Healthy topsoil also means chemicals aren’t necessary, Guttridge says.

“If you have a healthy plant, you don’t need fungicides and herbicides and pesticides because the plant has its own immune system,” he says. “A lot of those bugs and diseases are there because that’s nature’s way of taking out the weakest link. That’s what they’re there for in nature: to eat the stuff that’s sick. And in all our genius, in the last 50 years, we designed all these chemicals to keep the sick plants from being eaten by the things that are supposed to eat them and then we eat that stuff and then wonder why our healthcare system is the way it is.”

But there’s also a poetic reason to support regenerative farming initiatives, Guttridge says. The care and intention needed to cultivate healthy topsoil and nutrient-dense crops are passed from the farmer to the crop itself, he says.

“There’s nutrition in food but there’s also these subtle energies. When we’re doing it by hand, I think [these energies] come from our intention, and… it’s really important when you’re getting beautiful food in from a beautiful farm that people are happy to be working there. That’s what we want to make available in the community.”

Now if you think it’s a done deal that Boulder County will become the sustainable agriculture center of the world, think again. Guttridge points out the fact that 80 percent of farmers who started farming via a County open space program went out of business within a few years. Too, there are real limitations on the small sustainable farm model — they’re up against “a global food system that’s really pushed cheap, low-value food, and it takes a while to educate why things might cost a little more.” And just this week, the Boulder County Commissioners ended a sustainable agriculture research program amid controversy on how best to (and who should) implement a transition to non-GMO crops.

Labor costs are prohibitive as well, and so Guttridge has diversified his on-farm income, including hosting educational and social events.
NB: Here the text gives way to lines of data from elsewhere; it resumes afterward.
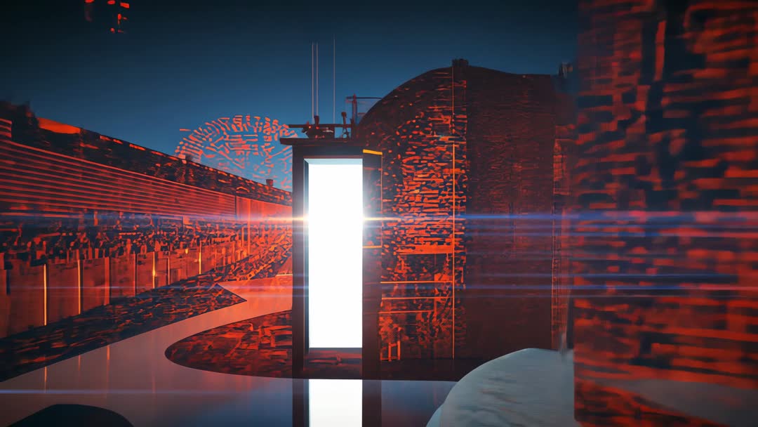 Futuristic Red Digital Scene with Glowing Portal Video
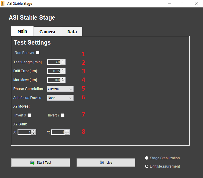 1) Run Forever: Check this box if you would like to run the test indefinitely in Drift Measurement or Stage Stabilization mode.
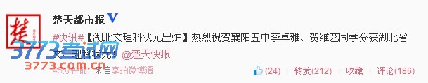 荆楚网消息(记者 刘郸)2013年湖北省高考成绩将于今日(6月23日)发布。据网民爆料,襄阳五中官网发布了一则庆祝消息:该校李卓雅、贺维艺同学分别获得湖北文理科状元。
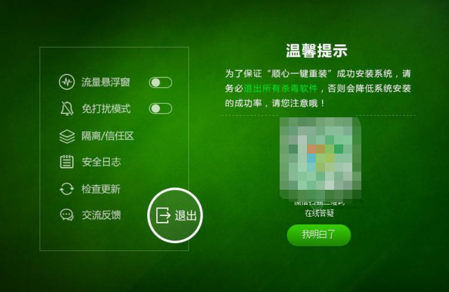 1、下載安裝順心一鍵重裝系統,關閉殺毒軟件,點擊“我明白了”進行下一步。
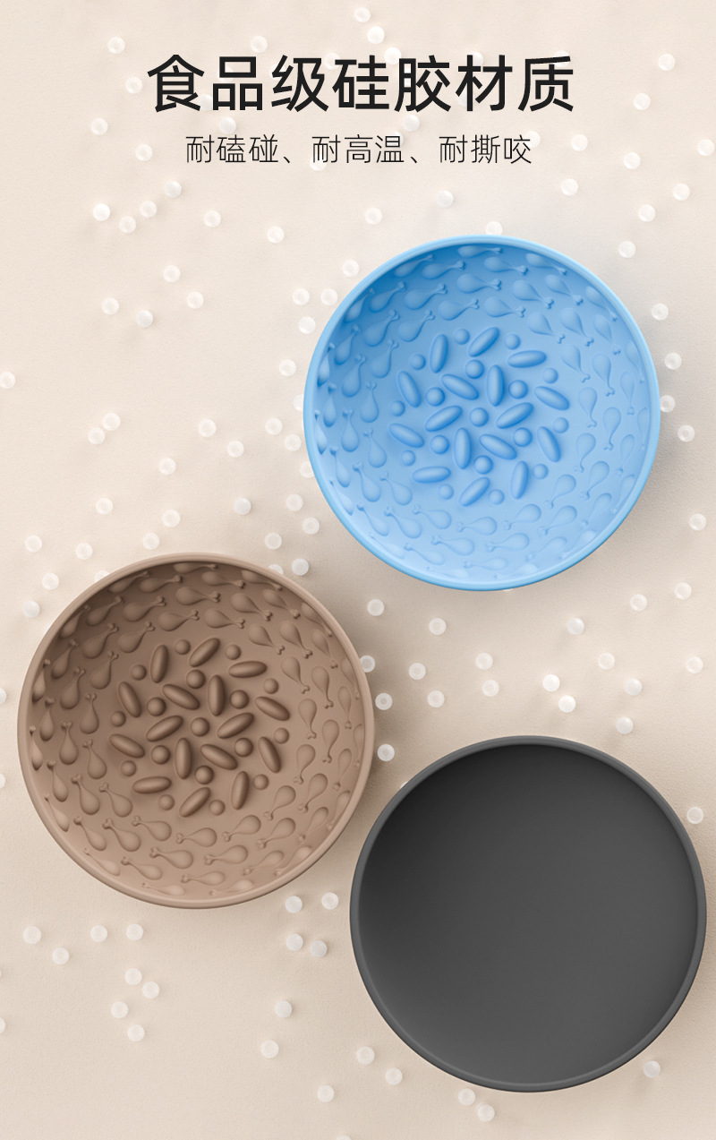 새로운 애완동물 슬로우 푸드 그릇, 넘어짐 방지 흡착판 디자인, 질식 방지 및 구토 방지, 고양이와 강아지를 위한 실리콘 슬로우 푸드 그릇
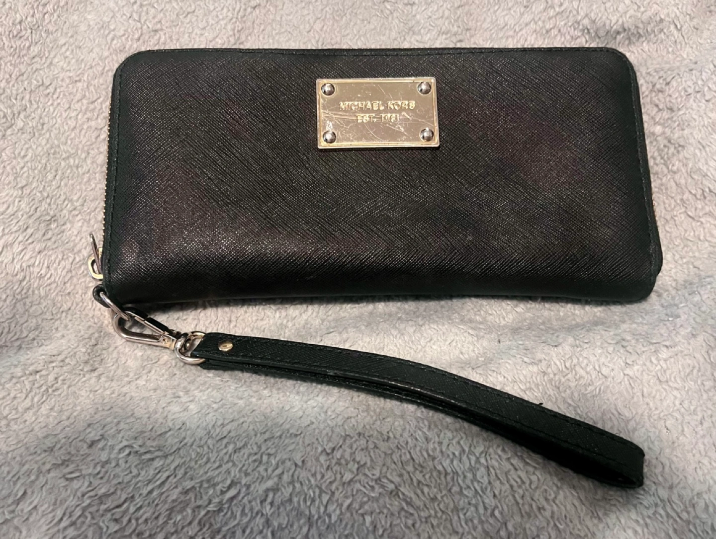 Black leather zip-around wallet. Features a wrist strap and gold-toned hardware. Excellent for everyday use.
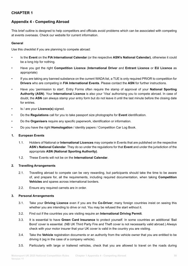 • Have you got the right Competition Licence( International Driver and Entrant Licence or EU Licence as appropriate)
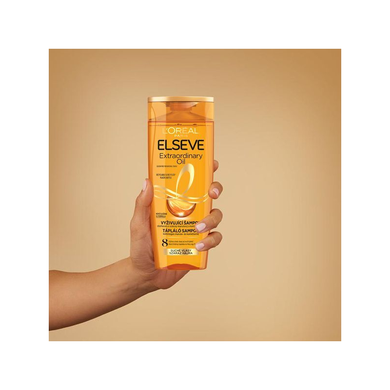 Vyživující šampon Elseve s obsahem šesti vzácných olejů z květů je ideálním řešením pro suché a unavené vlasy. Tento šampon nejenže vyživuje a hydratuje, ale také posiluje vlasové vlákno, čímž dodává vlasům potřebnou pevnost a lesk. Jeho jemná konzistence se snadno aplikuje a při každém mytí přináší pocit luxusu. Po použití budou vlasy hebké na dotek a zářivé na pohled. Aplikujte na mokré vlasy, jemně promasírujte a důkladně opláchněte. Dopřejte svým vlasům péči, kterou si zaslouží, a užijte si krásu zdravých a silných vlasů.

Galvanizing a section of the community to help with on-farm work is a new project Guttridge and other farmers are working on, with the hopes of getting up to 50 or so people out to, for instance, move fences for rotational grazing, or move heavy winter squash in cold weather in exchange for, say, a CSA share.

So, OK, maybe it’s a long road between here and a moment when regenerative agriculture saves the world and Boulder County farmers beam with pride from their hay pedestals. But Guttridge, at least, is prepared for the journey ahead because the answer is all around us if we keep our eyes open.

“There’s no silver bullet in farming,” Guttridge says, “just as there’s no silver bullet in nature.”